Hey, NIO Investors! This EV Stock Has ‘Trouble’ Written All Over It.
There’s always something going on with Nio (NYSE:NIO) stock it seems.
The China-based electric vehicle manufacturer likes to test the waters with new and unusual revenue-generating ideas. Yet, more isn’t necessarily better for unproven business ventures.
Ultimately, NIO stock only earns a “D” grade as Nio refuses to stay in its lane and stick to its core competency.
Not that Nio is perfect when it comes to selling EVs. As you may recall, Nio’s June 2023 vehicle deliveries were down by around 17% year over year. Also on a year-over-year basis, Nio’s vehicle deliveries for the three months ended June 30 declined 6%.
But overall, Nio sells EVs better than it does anything else. Nevertheless, the company aspires to be and do many things, and that’s not necessarily a good thing for Nio and its shareholders.
Nio’s History of Unusual Business Concepts
As we mentioned earlier, Nio is fine (albeit not fantastic) at selling EVs. That’s why NIO stock earns a “D” grade and not an “F.” However, careful investors might be concerned about Nio’s track record of trying out various unproven business concepts.
Do you remember the so-called Nio Phone? That ill-conceived attempt at commercializing a smartphone is practically a punchline now. Also, Nio started up but then closed down an insurance brokerage subsidiary company because of regulatory issues.
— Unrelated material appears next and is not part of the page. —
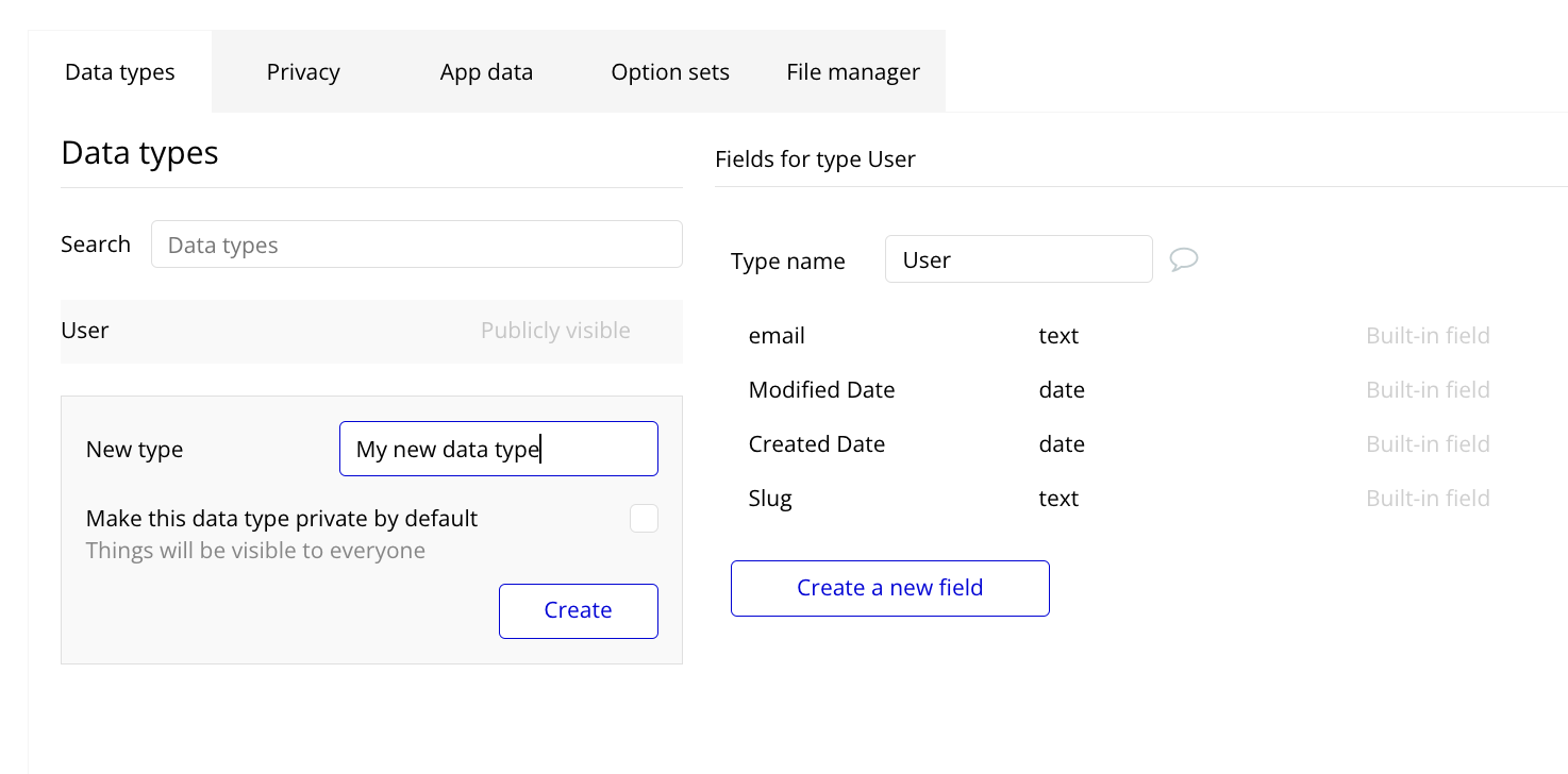Bubble’s data types are also equivalent to “tables” in a traditional database. All Bubble data types can have a custom name. For example, a social media app could have data types for “User,” “Post,” and “Comment.” (FYI, every Bubble app has a built-in User data type.)

Then, Nio tried its hand at “developing fusion technologies,” according to a Reuters report. Don’t expect any near-term income generation from this venture, however.
Apparently, Nio poured 995 million yuan into Nio Fusion, which “will research and develop technologies that aim to bring controlled fusion for commercial uses globally in two decades.”
Confusion and Disappointment Ahead
Oddly enough, Nio didn’t bother to announce the advent of Nio Fusion on its press releases page. Another business venture not listed on that page is Nio’s foray into solid-state battery rentals.
It’s difficult to know whether this venture will be a viable one, since Nio President Qin Lihong reportedly declined to provide details about the cost to rent the batteries, or even a launch date for this initiative.
Adding to the confusion (along with a feeling of disappointment), Nio declined to unveil its new 150-kWh semi-solid-state battery pack at the company’s recent Power Day event.
As Eddie Pan pointed out, Nio CEO William Li announced in May that the company’s battery pack would be available in July.
The July 20 Power Day event would have been the perfect time to showcase this battery pack. Yet, this didn’t happen and undoubtedly, some Nio shareholders are feeling frustrated. It’s just another sign that Nio should probably just stick to making and selling EVs.
NIO Stock: Don’t Get Your Hopes Up
Nio needs to demonstrate consistent improvement in its vehicle deliveries. If that happens, then at least Nio’s investors can feel like the automaker is on the right track.
In the meantime, Nio is trying out battery packs, battery rentals, controlled fusion technologies and other pursuits. It feels like the company is confusing more activity with more productive activity.
Therefore, NIO stock only gets a “D” rating and has “trouble” written all over it in 2023’s second half.
On the date of publication, neither Louis Navellier nor the InvestorPlace Research Staff member primarily responsible for this article held (either directly or indirectly) any positions in the securities mentioned in this article.